Recorded data:
══════════════════════════════

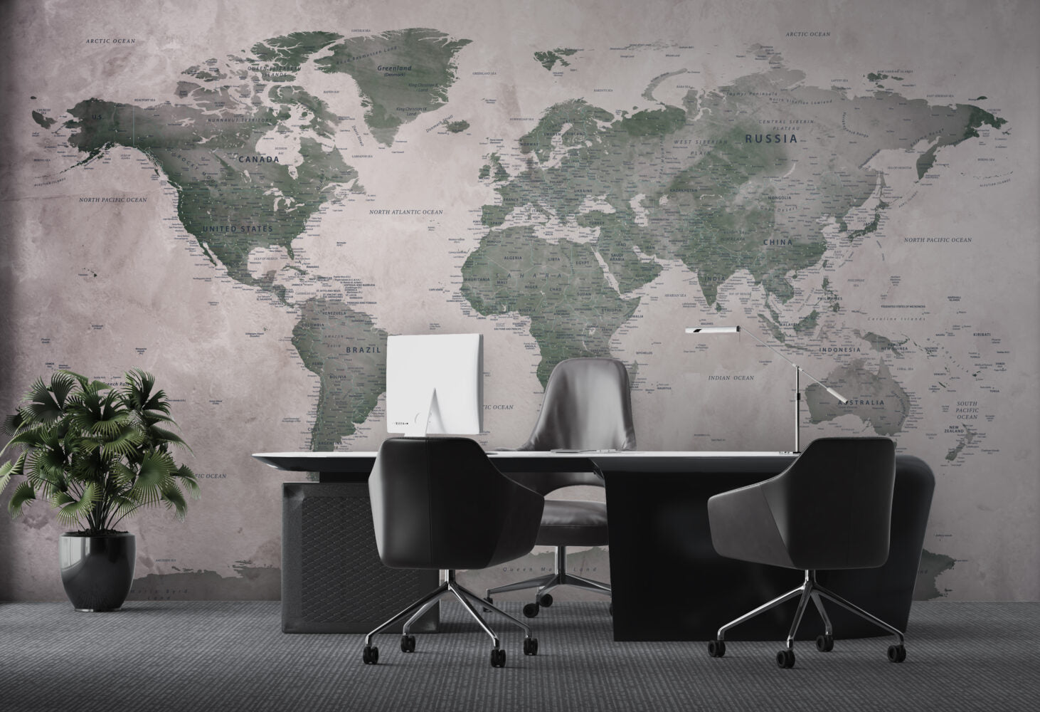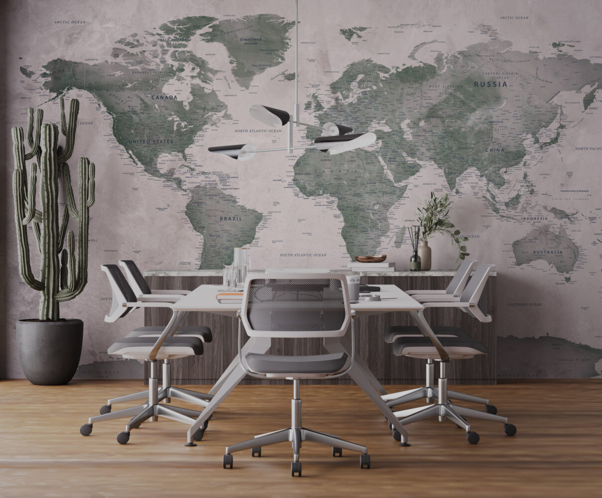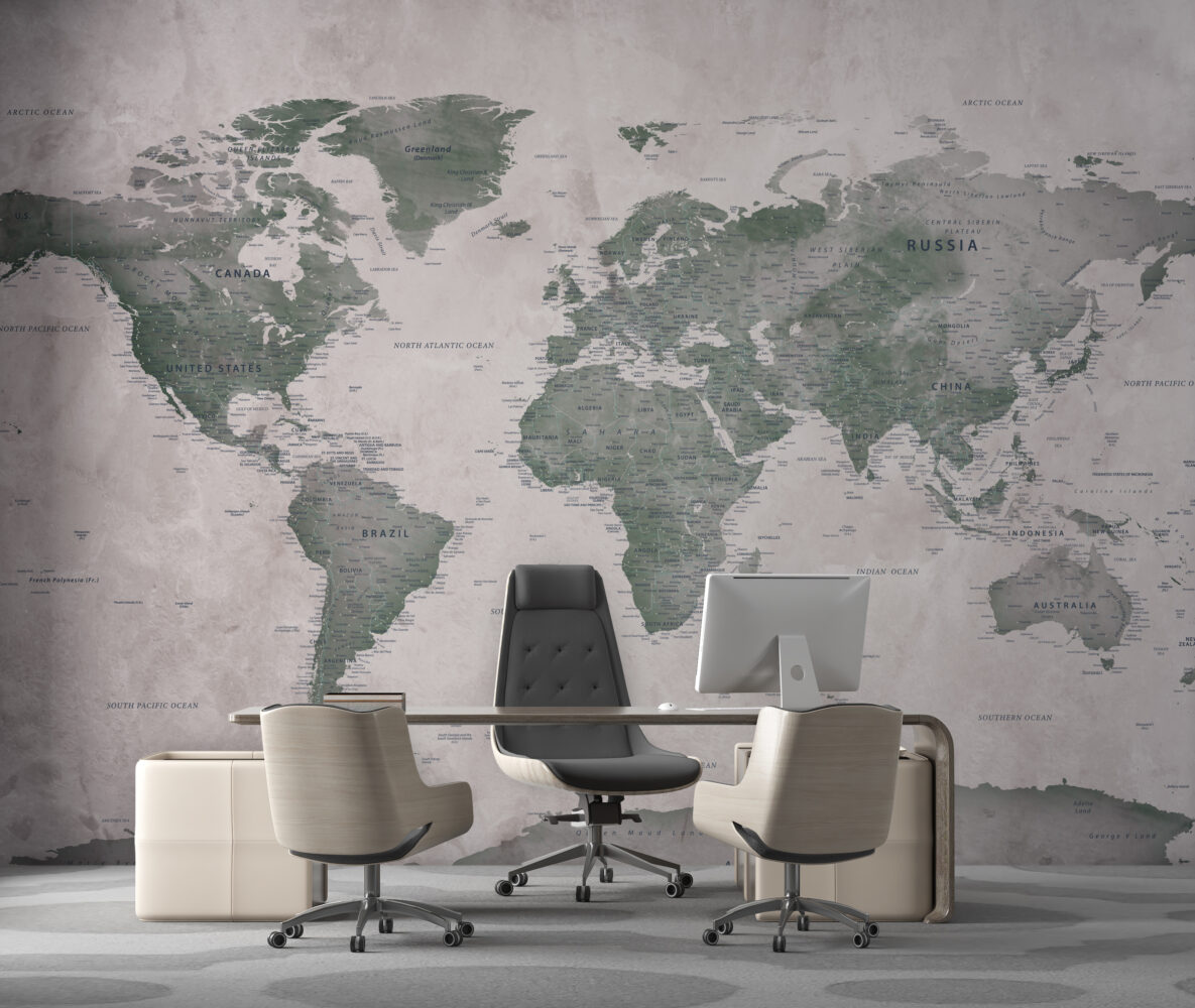 Yeşil Tonlarda Harita Duvar Kağıdı Duvar Kağıdı Ürün Bilgisi
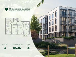Загородный квартал бизнес-класса "Охтинские высоты" - это ваш новый образ жизни, в котором сбалансированы преимущества проживания на природе в сочетании с городскими сервисами. Квартал расположен рядом со всесезонным курортом Охта Парк, всего в 10 минутах от КАДа. В окружении расположены премиальные конные клубы, теннисные корты, банное пространство "Камыши". Также к услугам жителей легендарный лесной каток, теплый бассейн на открытом воздухе, SPA, рестораны и энотека Охта Парка, куда от квартала будет запущен шаттл только для жителей "Охтинских высот". Вокруг квартал рекреационная лесная зона невероятной красоты, буквально кислородная фабрика 24/7. Ко въезду ведет новая автомобильная дорога, специально построенная для комфорта будущих жителей "Охтинских высот". В первой очереди квартала уже реализуется детский сад на 120 мест. Запроектированы коммерческие помещения под аптеку, супермаркет, пункты выдачи заказов, кофейни и велнесс. Территория квартала безбарьерная. В каждом дворе будет выполнено уникальное благоустройство по авторскому проекту с детскими и спортивными площадками, местами для отдыха и активностей. Концепция озеленения выстроена по принципу "живописный двор круглый год". Любителям активного образа жизни особенно понравятся эксплуатируемые кровли с зонами для йоги и солярия, откуда открывается невероятный вид на зеленый лес, раскинувшийся вокруг квартала. Дворы закрытые, без машин. Безопасность жителей обеспечивает система круглосуточного наблюдения и охрана. Входные группы светопрозрачные, с увеличенными окнами "от колена". Вход с уровня земли. Жители всегда видят, что происходит во дворе и в парадной. МОПы отделами качественными материалами с фактурой дерева и камня. В каждой парадной современные грузопассажирские лифты, отдельно выделены колясочные и велосипедные. Квартал малоэтажный, всего 4 этажа. Высота потолков при этом от 3 м и выше. Квартиры спроектированы таким образом, чтобы закрыть потребности в ежедневном комфортном проживании для семей любого состава. В квартирах: • Живописные патио на первых этажах • Зоны для организации хранения • Мастер-спальни • Комнаты правильной формы • Просторные кухни-гостиные с комфортным зонированием • Гардеробные • Дополнительные санузлы • Увеличенные окна 2х2 м • Система управления комфортом в каждой квартире ("Умный дом") • Подготовка под установку кондиционера • Балконы и лоджии Все квартиры сдаются с отделкой white-box и Системой управления комфортом (умный дом). На выбор можно заказать чистовую отделку, которая представлена в двух вариантах.
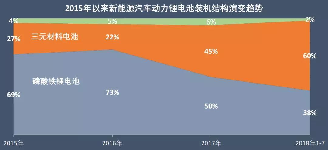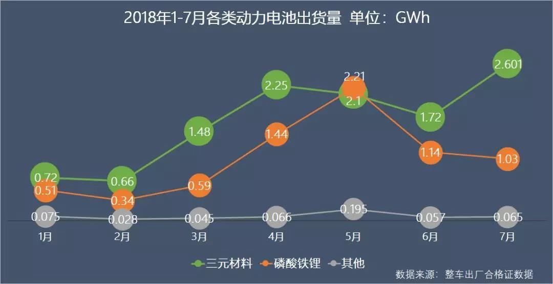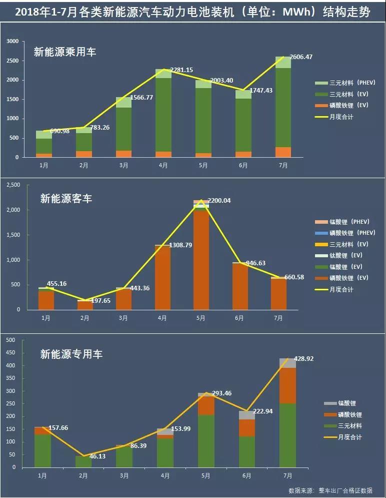 分析2015年以來新能源汽車各類動力電池裝機結(jié)構(gòu)的演變,可以發(fā)現(xiàn)三元材料走強已是明顯的趨勢。不過,這一格局的演變系乘用車市場的走強和客車市場的疲軟雙向作用造成——三元材料電池的裝機大戶是新能源乘用車,而新能源客車是磷酸鐵鋰電池的裝機大戶,2018年以來尤其是6、7月份,新能源客車市場持續(xù)低迷,其在磷酸鐵鋰電池市場的高權(quán)重造成了該類型裝機量的連續(xù)下行,變相也推高了三元材料電池的出貨比重。
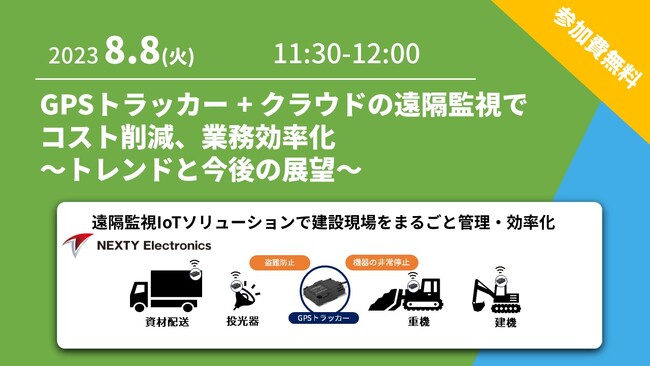 【8/8開催 無料共催ウェビナー】AIoTクラウドとネクスティ エレクトロニクス社が「GPSトラッカー + クラウドの遠隔監視でコスト削減、業務効率化~トレンドと今後の展望~」について共催ウェビナーを開催

══════════════════════════════

From the line that holds "分析2015年以來新能源汽車" to the last line of the data, return those lines exactly and nothing else; both ends count, and pictures stay out.

 分析2015年以來新能源汽車各類動力電池裝機結(jié)構(gòu)的演變,可以發(fā)現(xiàn)三元材料走強已是明顯的趨勢。不過,這一格局的演變系乘用車市場的走強和客車市場的疲軟雙向作用造成——三元材料電池的裝機大戶是新能源乘用車,而新能源客車是磷酸鐵鋰電池的裝機大戶,2018年以來尤其是6、7月份,新能源客車市場持續(xù)低迷,其在磷酸鐵鋰電池市場的高權(quán)重造成了該類型裝機量的連續(xù)下行,變相也推高了三元材料電池的出貨比重。
 【8/8開催 無料共催ウェビナー】AIoTクラウドとネクスティ エレクトロニクス社が「GPSトラッカー + クラウドの遠隔監視でコスト削減、業務効率化~トレンドと今後の展望~」について共催ウェビナーを開催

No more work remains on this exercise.